(Problem to solve)
Within the records below is a range that opens at the line with "采用铝翅片发热体,低燥无光,取暖不干燥;" and closes at the line with "当前位置: 首页 >广西南宁市纹身店-云鹤刺青纹身店纹身图案>传统花臂拼接,鬼武士纹身图片_手臂手部老传统新传统纹身图案". Return that range word for word, both ends included, and only that range.

# # # #

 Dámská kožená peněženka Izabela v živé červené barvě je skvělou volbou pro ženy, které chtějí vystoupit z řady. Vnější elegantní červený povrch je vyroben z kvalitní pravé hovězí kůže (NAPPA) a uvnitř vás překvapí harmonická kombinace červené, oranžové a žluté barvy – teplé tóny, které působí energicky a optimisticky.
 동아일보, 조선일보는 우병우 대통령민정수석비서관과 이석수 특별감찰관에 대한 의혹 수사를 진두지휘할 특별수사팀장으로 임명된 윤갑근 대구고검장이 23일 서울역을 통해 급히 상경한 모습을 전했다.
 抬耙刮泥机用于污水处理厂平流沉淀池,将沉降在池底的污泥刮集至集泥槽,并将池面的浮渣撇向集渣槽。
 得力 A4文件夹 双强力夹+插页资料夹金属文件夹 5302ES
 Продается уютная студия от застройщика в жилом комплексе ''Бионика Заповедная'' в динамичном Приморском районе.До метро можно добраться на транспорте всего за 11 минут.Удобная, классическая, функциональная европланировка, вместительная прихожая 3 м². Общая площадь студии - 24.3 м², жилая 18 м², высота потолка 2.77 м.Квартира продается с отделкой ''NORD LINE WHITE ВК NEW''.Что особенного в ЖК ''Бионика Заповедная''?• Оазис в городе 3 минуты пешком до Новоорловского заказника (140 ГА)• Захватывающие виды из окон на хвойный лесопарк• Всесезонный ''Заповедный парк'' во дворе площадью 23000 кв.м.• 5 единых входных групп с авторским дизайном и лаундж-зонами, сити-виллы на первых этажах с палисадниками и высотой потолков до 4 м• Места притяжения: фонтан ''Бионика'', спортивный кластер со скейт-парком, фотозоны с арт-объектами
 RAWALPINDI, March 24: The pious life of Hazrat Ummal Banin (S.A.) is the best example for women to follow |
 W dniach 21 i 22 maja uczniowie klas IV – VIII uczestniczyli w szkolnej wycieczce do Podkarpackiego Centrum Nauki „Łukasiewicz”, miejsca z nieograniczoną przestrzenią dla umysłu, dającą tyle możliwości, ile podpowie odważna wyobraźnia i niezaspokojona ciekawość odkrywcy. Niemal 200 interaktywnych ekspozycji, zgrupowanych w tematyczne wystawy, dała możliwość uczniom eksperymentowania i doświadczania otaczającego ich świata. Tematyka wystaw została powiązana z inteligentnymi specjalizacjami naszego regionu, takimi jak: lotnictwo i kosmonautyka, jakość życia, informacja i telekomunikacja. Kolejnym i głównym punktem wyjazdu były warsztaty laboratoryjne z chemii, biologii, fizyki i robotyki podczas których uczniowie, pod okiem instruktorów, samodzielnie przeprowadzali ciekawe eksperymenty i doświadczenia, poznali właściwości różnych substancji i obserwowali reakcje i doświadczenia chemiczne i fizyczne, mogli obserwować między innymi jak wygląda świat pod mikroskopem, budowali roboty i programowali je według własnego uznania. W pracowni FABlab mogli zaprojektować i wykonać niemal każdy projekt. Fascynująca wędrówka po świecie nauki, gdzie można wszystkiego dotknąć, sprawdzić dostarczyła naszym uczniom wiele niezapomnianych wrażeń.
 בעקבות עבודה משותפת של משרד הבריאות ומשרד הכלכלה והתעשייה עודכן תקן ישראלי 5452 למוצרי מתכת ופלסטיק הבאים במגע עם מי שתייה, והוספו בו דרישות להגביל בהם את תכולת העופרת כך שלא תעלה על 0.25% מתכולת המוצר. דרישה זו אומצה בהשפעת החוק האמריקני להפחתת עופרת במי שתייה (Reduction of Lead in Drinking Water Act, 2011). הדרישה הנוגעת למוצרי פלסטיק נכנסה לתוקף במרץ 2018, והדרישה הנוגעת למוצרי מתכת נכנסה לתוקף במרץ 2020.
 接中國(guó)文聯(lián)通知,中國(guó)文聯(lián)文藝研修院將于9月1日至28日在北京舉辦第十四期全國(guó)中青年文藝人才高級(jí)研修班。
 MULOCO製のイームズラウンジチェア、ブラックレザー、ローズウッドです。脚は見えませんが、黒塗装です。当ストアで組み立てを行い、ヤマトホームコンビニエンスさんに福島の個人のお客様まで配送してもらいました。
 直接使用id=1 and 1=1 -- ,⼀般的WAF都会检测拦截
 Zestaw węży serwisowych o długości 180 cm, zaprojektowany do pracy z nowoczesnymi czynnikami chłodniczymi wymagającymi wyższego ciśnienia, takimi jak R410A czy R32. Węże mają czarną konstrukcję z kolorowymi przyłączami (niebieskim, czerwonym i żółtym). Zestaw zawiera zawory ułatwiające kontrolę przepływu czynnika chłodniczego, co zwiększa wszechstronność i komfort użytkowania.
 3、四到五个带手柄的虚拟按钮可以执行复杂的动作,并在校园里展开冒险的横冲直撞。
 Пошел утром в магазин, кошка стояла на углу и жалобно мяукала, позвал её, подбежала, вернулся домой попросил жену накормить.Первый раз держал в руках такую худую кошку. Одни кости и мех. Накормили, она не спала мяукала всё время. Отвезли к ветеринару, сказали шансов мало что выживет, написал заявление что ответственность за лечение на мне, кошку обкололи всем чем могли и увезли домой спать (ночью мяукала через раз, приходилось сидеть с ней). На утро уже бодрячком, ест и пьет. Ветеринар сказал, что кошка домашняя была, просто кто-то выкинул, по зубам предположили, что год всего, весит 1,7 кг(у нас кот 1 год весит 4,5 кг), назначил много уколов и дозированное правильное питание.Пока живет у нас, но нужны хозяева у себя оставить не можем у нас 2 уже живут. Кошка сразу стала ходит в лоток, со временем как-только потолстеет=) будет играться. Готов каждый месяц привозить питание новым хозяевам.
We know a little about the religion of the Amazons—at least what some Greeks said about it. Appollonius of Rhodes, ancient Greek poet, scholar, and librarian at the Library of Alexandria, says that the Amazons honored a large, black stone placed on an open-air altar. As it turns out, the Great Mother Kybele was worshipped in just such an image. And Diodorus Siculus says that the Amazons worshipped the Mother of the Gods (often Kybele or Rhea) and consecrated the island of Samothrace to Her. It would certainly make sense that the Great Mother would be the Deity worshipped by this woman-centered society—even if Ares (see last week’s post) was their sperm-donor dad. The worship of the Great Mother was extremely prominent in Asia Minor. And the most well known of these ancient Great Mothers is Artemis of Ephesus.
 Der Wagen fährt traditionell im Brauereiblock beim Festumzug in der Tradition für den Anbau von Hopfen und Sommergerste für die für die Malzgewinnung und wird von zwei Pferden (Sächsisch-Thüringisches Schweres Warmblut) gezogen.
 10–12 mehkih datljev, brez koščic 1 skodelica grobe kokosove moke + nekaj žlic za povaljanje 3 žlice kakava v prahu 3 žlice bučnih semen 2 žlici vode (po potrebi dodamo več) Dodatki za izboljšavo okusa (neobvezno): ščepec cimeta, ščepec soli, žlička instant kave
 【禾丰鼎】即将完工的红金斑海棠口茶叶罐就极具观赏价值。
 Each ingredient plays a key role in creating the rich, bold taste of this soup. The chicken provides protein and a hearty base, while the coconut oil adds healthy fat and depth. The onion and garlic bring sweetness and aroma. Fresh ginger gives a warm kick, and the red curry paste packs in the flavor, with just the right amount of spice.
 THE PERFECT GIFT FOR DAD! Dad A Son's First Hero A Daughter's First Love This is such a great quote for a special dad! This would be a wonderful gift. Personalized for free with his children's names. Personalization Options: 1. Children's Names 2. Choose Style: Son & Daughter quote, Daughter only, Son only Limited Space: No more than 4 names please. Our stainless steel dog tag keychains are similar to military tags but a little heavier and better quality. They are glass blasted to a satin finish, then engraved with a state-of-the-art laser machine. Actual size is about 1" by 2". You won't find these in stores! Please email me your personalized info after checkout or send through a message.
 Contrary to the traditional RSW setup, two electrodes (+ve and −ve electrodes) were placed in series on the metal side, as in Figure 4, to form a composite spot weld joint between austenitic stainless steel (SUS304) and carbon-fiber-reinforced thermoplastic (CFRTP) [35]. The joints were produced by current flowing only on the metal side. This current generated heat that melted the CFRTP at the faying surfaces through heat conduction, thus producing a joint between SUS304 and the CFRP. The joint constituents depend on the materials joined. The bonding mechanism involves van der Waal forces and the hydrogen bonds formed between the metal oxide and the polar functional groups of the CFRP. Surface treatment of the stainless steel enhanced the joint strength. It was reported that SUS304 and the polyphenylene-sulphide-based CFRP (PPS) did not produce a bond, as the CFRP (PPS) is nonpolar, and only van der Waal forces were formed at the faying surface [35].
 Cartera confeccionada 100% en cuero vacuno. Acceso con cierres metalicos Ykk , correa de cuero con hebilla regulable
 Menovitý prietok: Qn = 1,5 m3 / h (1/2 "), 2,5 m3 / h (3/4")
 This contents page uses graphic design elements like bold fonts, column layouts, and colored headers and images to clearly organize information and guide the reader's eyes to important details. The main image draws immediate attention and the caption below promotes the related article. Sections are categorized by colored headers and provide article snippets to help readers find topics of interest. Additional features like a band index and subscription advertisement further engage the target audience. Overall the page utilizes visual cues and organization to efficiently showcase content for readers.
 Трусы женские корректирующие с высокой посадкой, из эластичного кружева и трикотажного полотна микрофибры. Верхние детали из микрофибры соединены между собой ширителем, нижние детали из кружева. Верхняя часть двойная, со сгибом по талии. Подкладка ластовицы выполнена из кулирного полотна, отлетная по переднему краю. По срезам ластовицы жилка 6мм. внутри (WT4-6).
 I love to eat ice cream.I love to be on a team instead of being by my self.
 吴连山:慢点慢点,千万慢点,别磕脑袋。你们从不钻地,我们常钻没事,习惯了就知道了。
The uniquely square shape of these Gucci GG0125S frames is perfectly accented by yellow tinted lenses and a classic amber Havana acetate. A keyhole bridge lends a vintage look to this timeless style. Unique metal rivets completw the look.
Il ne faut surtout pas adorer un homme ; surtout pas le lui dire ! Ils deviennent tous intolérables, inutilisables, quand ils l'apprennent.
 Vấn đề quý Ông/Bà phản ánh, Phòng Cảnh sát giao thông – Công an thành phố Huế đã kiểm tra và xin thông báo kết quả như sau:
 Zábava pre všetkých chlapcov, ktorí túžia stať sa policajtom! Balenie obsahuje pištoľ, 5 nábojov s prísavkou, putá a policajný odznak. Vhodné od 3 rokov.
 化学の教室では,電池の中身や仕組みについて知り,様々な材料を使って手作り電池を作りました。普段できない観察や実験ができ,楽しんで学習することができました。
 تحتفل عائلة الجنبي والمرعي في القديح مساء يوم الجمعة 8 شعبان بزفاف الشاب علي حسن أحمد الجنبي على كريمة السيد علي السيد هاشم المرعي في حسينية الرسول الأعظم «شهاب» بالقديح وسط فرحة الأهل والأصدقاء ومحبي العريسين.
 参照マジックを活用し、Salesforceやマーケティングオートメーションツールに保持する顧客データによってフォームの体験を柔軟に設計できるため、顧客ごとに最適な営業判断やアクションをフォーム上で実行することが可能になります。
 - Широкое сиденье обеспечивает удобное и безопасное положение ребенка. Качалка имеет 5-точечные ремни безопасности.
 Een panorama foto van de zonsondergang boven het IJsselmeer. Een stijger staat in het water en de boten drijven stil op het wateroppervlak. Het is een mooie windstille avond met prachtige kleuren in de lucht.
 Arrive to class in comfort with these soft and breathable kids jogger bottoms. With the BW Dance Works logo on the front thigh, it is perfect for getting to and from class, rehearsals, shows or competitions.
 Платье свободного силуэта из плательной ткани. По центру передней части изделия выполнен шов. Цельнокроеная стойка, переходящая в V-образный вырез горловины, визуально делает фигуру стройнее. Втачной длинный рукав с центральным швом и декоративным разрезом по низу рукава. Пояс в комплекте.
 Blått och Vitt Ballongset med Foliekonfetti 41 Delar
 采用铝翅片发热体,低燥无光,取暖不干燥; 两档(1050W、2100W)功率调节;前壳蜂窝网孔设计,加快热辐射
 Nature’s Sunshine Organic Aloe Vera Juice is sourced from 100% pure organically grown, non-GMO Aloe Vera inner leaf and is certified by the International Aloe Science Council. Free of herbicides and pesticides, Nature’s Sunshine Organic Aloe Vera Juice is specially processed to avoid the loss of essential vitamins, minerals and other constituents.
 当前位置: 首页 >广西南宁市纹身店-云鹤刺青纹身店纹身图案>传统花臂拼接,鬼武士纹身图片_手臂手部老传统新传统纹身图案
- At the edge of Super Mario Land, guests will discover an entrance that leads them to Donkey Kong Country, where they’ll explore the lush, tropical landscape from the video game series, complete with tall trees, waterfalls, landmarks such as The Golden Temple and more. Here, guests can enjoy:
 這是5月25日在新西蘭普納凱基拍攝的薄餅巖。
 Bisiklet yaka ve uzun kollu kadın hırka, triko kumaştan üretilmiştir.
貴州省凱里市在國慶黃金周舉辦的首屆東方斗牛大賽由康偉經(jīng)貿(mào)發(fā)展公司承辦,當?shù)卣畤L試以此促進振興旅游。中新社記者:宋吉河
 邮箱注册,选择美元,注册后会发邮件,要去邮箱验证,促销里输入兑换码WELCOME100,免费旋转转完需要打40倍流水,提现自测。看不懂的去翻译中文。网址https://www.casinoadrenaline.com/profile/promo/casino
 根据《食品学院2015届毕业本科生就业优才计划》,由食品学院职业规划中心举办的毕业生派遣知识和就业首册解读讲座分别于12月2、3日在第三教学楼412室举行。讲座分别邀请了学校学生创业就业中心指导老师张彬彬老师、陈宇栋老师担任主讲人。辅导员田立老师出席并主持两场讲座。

# # # #

(Result of this task)
 采用铝翅片发热体,低燥无光,取暖不干燥; 两档(1050W、2100W)功率调节;前壳蜂窝网孔设计,加快热辐射
 Nature’s Sunshine Organic Aloe Vera Juice is sourced from 100% pure organically grown, non-GMO Aloe Vera inner leaf and is certified by the International Aloe Science Council. Free of herbicides and pesticides, Nature’s Sunshine Organic Aloe Vera Juice is specially processed to avoid the loss of essential vitamins, minerals and other constituents.
 当前位置: 首页 >广西南宁市纹身店-云鹤刺青纹身店纹身图案>传统花臂拼接,鬼武士纹身图片_手臂手部老传统新传统纹身图案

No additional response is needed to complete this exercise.